Vendredi, les experts mandatés par l'OMS avaient décidé de considérer Omicron comme «préoccupant». Ce variant est devenu le cinquième à être classé avec cette importance.

Les tests PCR arrivent à détecter Omicron, sauf pour un type d'entre eux pour lequel un séquençage supplémentaire est requis. Une incertitude subsiste sur les autres tests. Autre problème, le variant est identifié dans des taux plus rapides que les précédentes composantes du virus.



Les laboratoires sont appelés à relayer ces analyses à des bases de données publiques. Chaque cas doit être mentionné à l'OMS au travers du Règlement sanitaire international.
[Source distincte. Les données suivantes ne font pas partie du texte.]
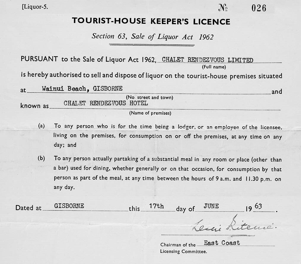 So the Chalet Rendezvous at Wainui Beach may not have technically been the first restaurant to obtain a Restaurant License, but it’s almost certain it was the “first restaurant in New Zealand to have a licence to serve liquor”, beating the celebrated Mr Groen to a celebratory round of drinks at the bar by four years.

«Plusieurs semaines» à attendre

Des investigations plus poussées doivent être menées lorsqu'elles sont possibles. Il faut désormais pouvoir établir quel effet ce variant Omicron aura sur la gravité de la pandémie, les dispositifs de surveillance, la réponse immunitaire ou encore la neutralisation par des anticorps.

Vendredi, un porte-parole de l'OMS avait laissé entendre qu'il faudrait «plusieurs semaines» avant de saisir exactement quelle est la dangerosité du variant Omicron. Comme toujours depuis le début de la pandémie, l'institution n'est pas favorable à des restrictions de voyages et demande aux Etats de s'appuyer sur les données scientifiques avant de prendre leurs décisions.

Des Etats européens, dont la Suisse, et l'UE ont lancé des interdictions de vol depuis plusieurs territoires et des quarantaines pour ceux arrivant de certains pays. De nombreuses mutations du virus ont été observées depuis le début de la pandémie. La plupart sont inoffensives et se propagent peu dans les différents pays.